Surrealism is an art movement that began with Andre Breton in the 1920’s, and is still very prevalent today. It has spawned some of the world’s most mysterious and enigmatic works of art, from ‘The Persistance of Memory’ by Salvador Dali, to Joan Miro’s ‘Throwing a Stone at a Bird.’
Unlike Dadaism, Surrealism was not about angry young men and women who were disillusioned by the horrors of the 1st world war and a bourgeois society that did not care. Surrealism was a movement dedicated to ‘the exploration of the realm of the unconsciousness and the dream. They were seeking what might be called the language of the soul. For the surrealists, it was not so much a type of work as a spiritual orientation.’ (Waldberg, 1965)

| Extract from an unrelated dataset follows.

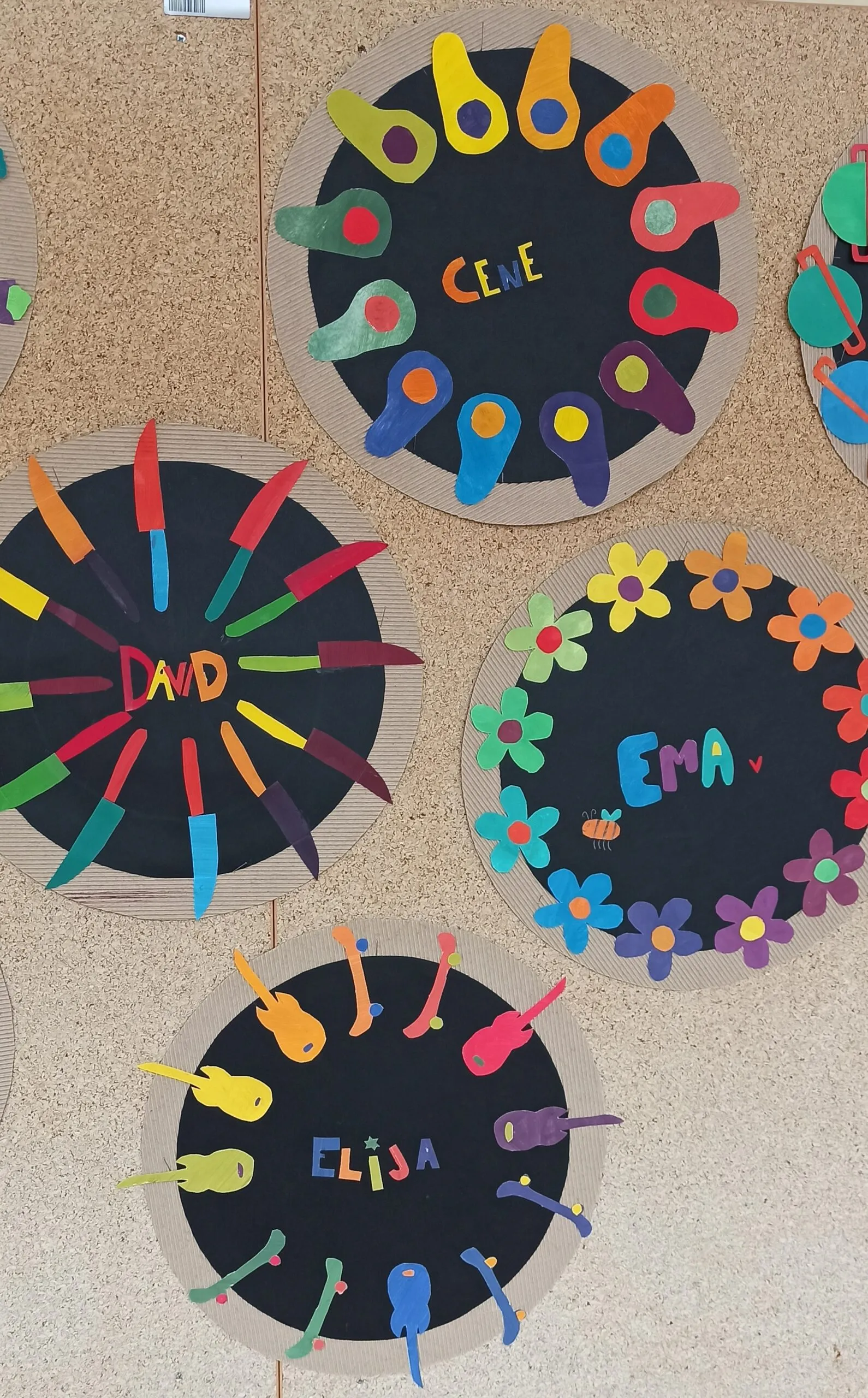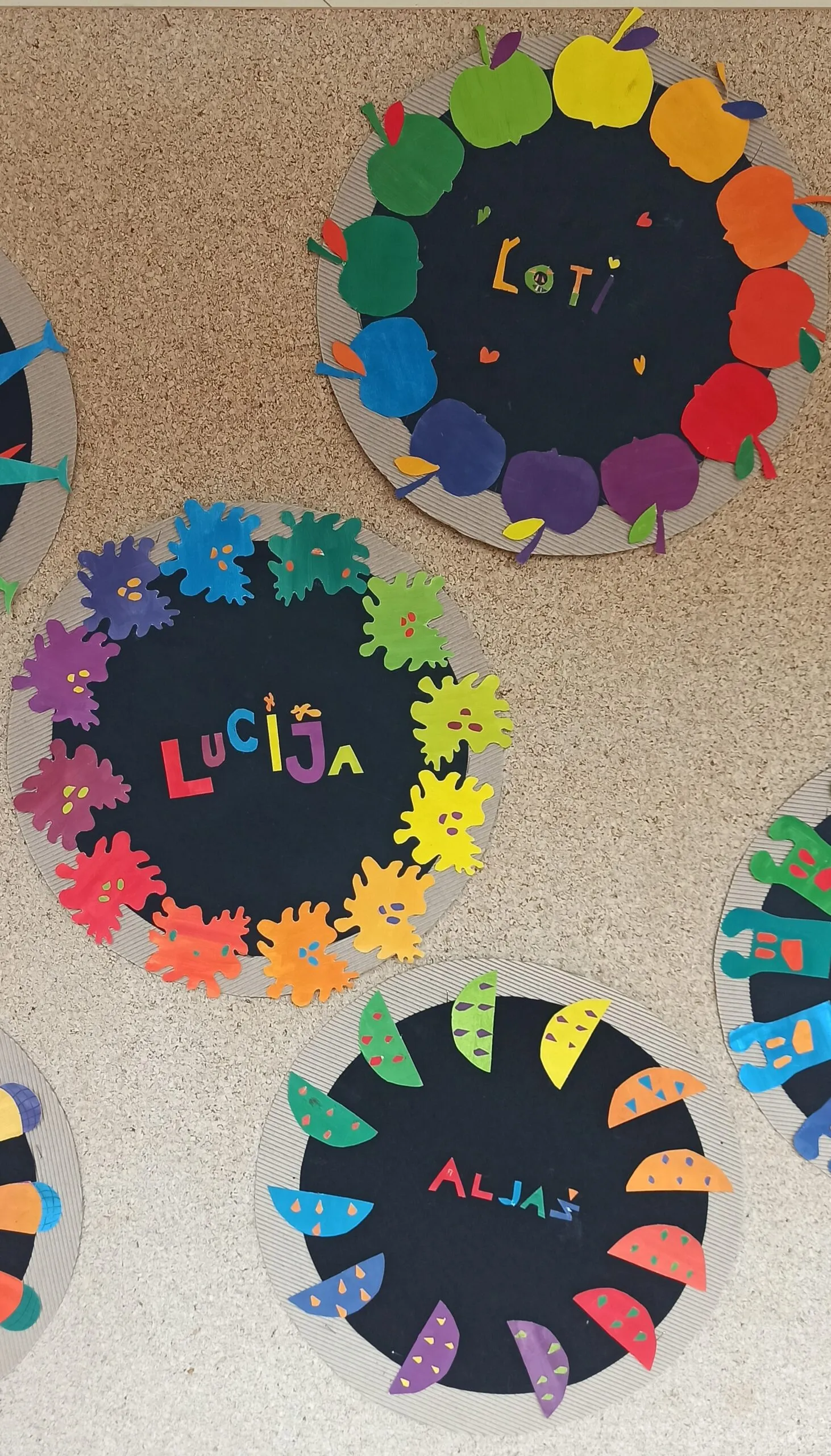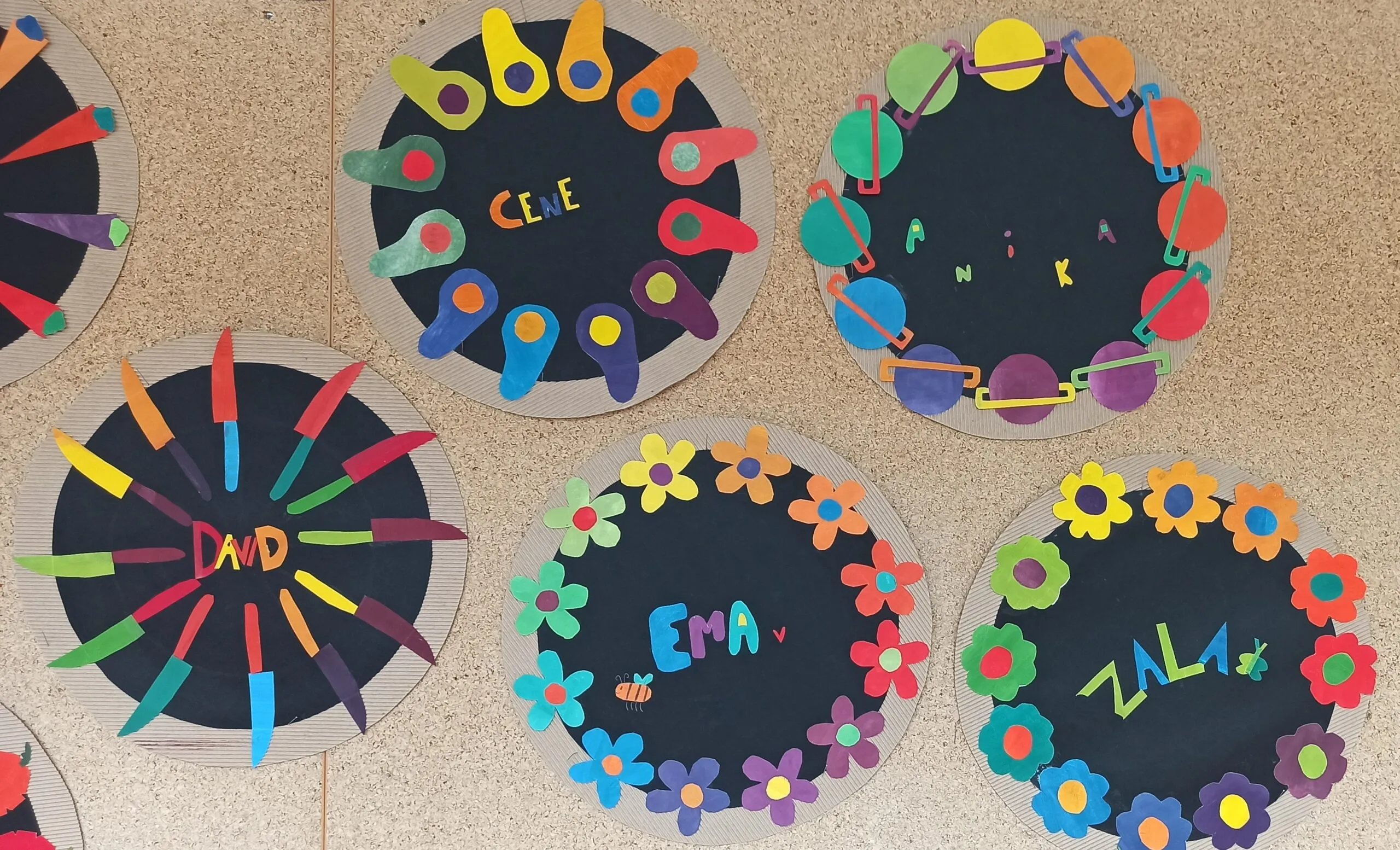 Učenci so spoznavali zakonitosti mešanja barv in jih razporedili v krog v poljubnem motivu, dodali pa so še detajl v nasprotni barvi.

Freudian theory played a massive role in the development and ideas of the surrealists, as it supported their belief in finding and freeing ‘the superior reality, and in getting to the unconscious part of the mind which was always guarded by the waking disciplined mind….. Like an undeveloped photograph, the contents of the mind are latent, speaking in a secret language that is private……Surrealism sought this secret language through the fixing of dream images into art.’ (Willette, 2011)
The Surrealist movement officially began in 1924 with Breton and his 1st Surrealism manifesto - The Manifeste de Surrealisme. The Manifesto was a collection of the hopes, and aspirations of a large number of young men, some already from the group Litterature, who were living the life that Breton was describing, and others who had come to join the new movement. Within the...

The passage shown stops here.